Senior Wednesday: 20th Century Immigration and the First Red Scare
Wednesday, March 5, 2025 | 1:30 PM – 2:30 PM
Tickets: $4 +tax, FREE for Museum Members
Join us every first Wednesday at 1:30 PM for Senior Wednesday at the Museum of World Treasures!
Watch This Event Live Online
Tune in live or watch the recording afterwards.
Event Details
- Date: Wednesday, March 5 at 1:30 PM
- Time: 1:30 PM
- Location: Museum of World Treasures [Get Directions]
Cost
- Museum Members: Free
- Non-Members: $4 per person plus tax
Attending Information
- Open to all ages
- No need to register; simply walk in!
- Light refreshments provided.
Talk Summary
Although most people think of the 1950s and McCarthyism when they hear the term “Red Scare,” the United States also experienced a Red Scare after World War I. Under the direction of Attorney General A. Mitchell Palmer, the U.S. government conducted mass raids against radical organizations with the goal of deporting immigrants, especially those from Southern and Eastern Europe.
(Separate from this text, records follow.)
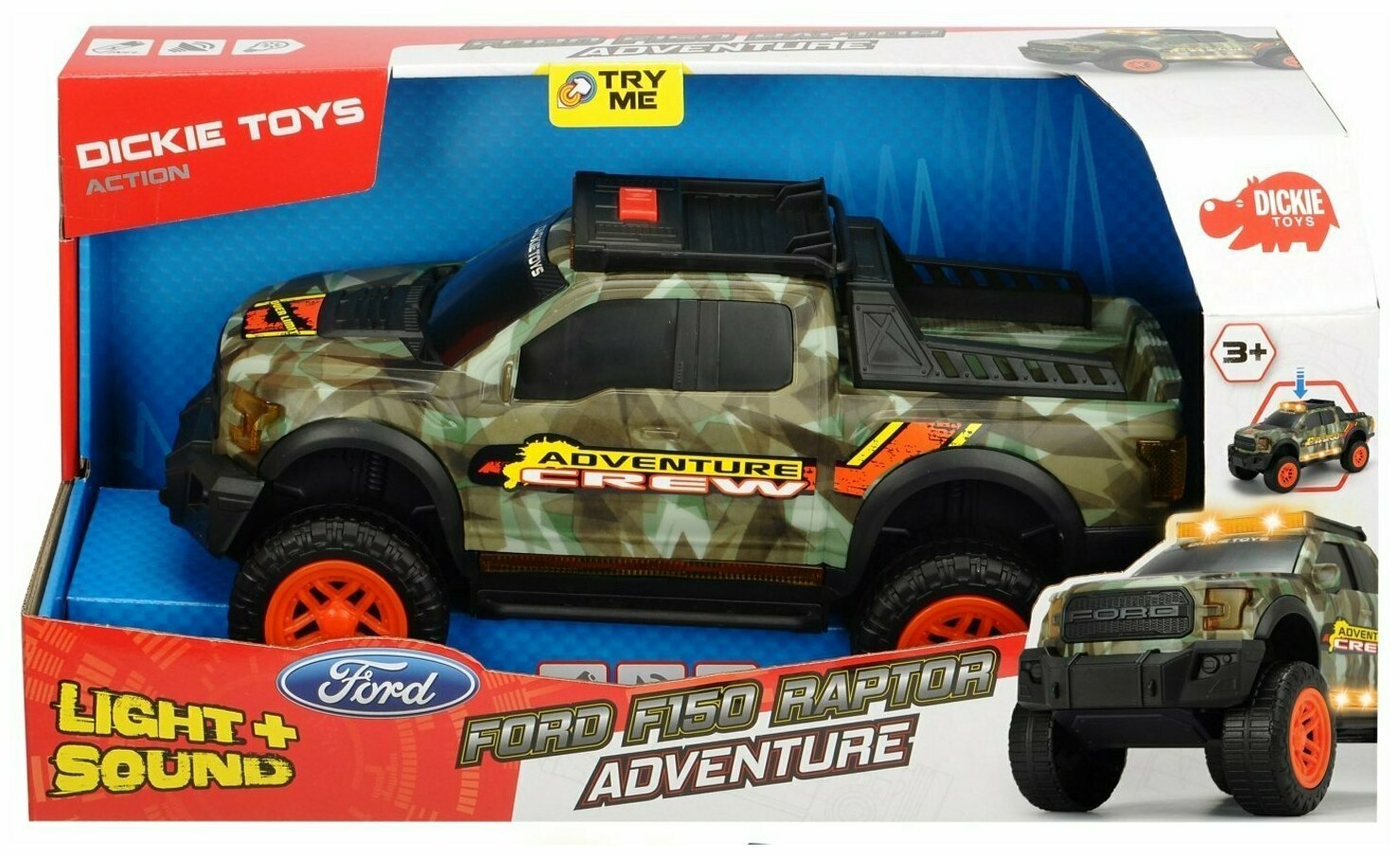 Машина Dickie Toys "Adventure Ford F150 Raptor", инерционная, звуковые и световые эффекты, 33 см
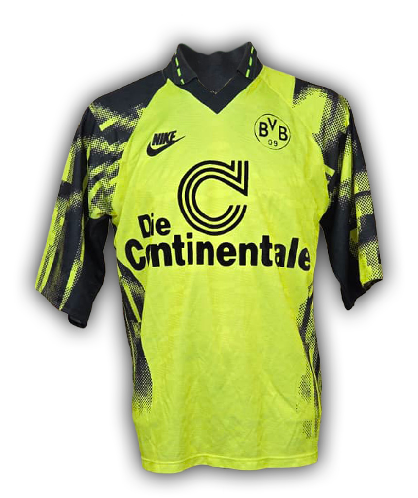 Maglia home del Borussia Dortmund stagione 1992/93, iconico giallo fluo con inserti neri e sponsor Die Continentale.
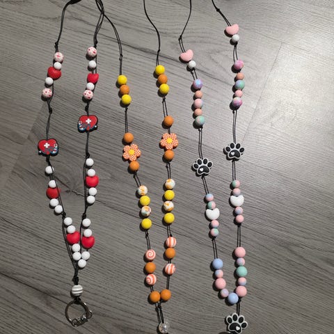 Avainkaulanauha puuhelmillä ja turvalukolla. Pituus noin 90 cm. Postitus onnistuu.
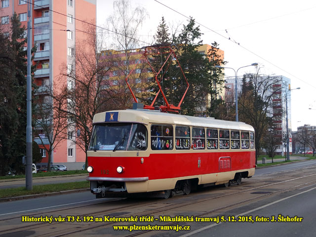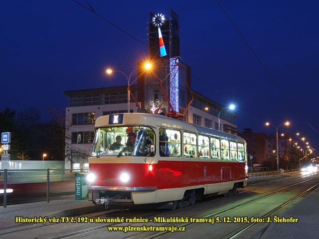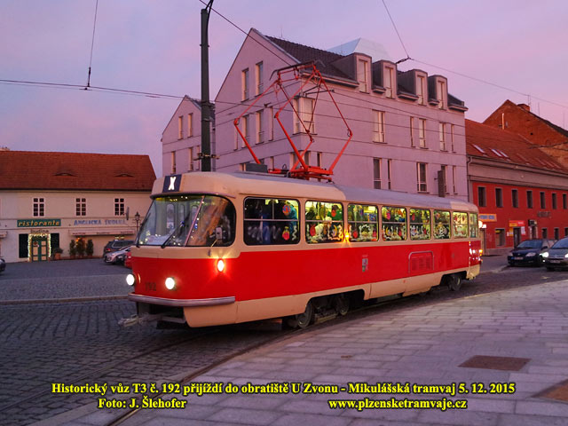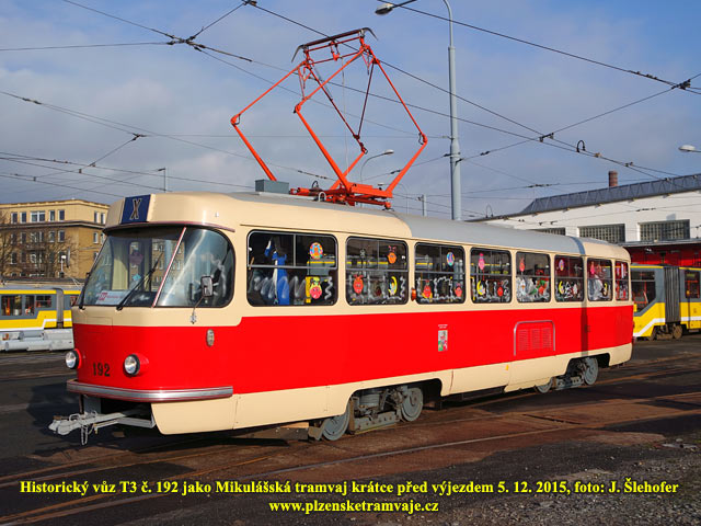 V sobotu 5. 12. 2015 vyjela opět Mikulášská tramvaj. Na tuto zvláštní jízdu byla vypravena již tradičně historická tramvaj T3 č. 192. Akci již po čtvrté pořádali členové
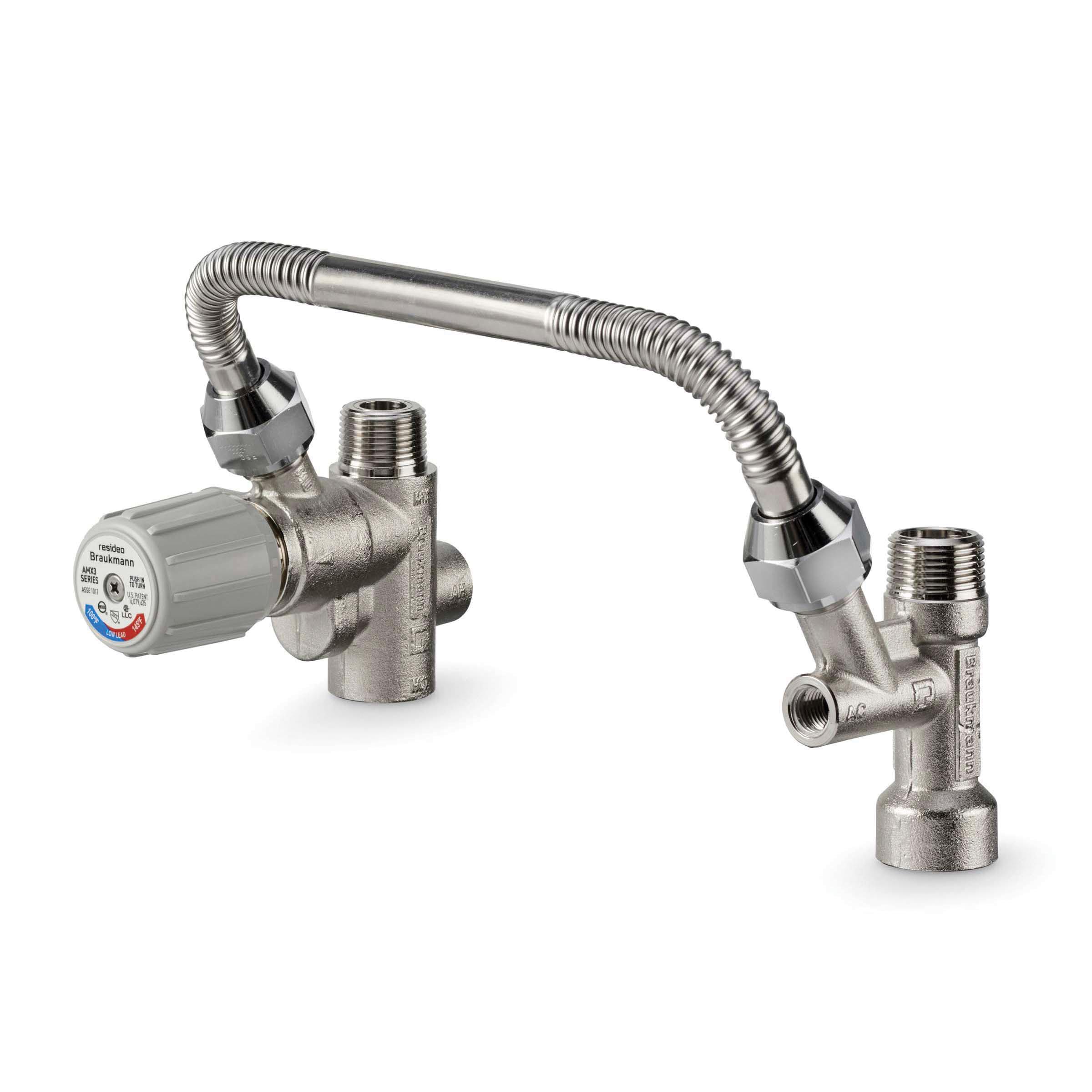 AMX300 series DirectConnect™ kits from resideo reduce installation time while providing industry leading mixing valve technology, which offers excellent temperature stability and control and minimizes scalding risk to building occupants.
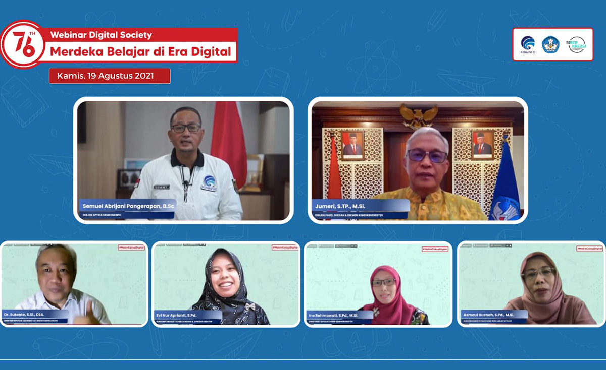 INDOPOSCO.ID – Kementerian Komunikasi dan Informatika (Kemkominfo) bersama GNLD Siberkreasi dan Kementerian Pendidikan, Kebudayaan, Riset, dan Teknologi (Kemendikbud Ristek) kembali mengadakan Webinar Digital Society pada Kamis (19/8). Pembahasan dalam webinar kali ini adalah “Merdeka Belajar di Era Digital” yang dimulai pukul 10.00 WIB dan disiarkan langsung melalui Zoom Webinar, Kanal Youtube Siberkreasi, Facebook Live Siberkreasi, Youtube Kemkominfo TV, Youtube Direktorat Sekolah Dasar, dan Youtube Video Pendidikan Indonesia.

This talk will examine how immigrants accused of being communists and anarchists joined with progressive American allies to oppose mass deportations in the 1920s.
Speaker Bio
Suzanne Orr is Associate Professor of History at Kansas State University. She received her PhD from the University of Notre Dame, where she studied twentieth-century American history, immigration, and gender. She has published in the Journal of the West and the Journal of American Ethnic History (forthcoming Spring 2025), and previously served as the managing editor of Kansas History: A Journal of the Central Plains. Her first book, The Politics of Asylum: Reds, Refugees, and Humanitarianism, is under contract with University of North Carolina Press.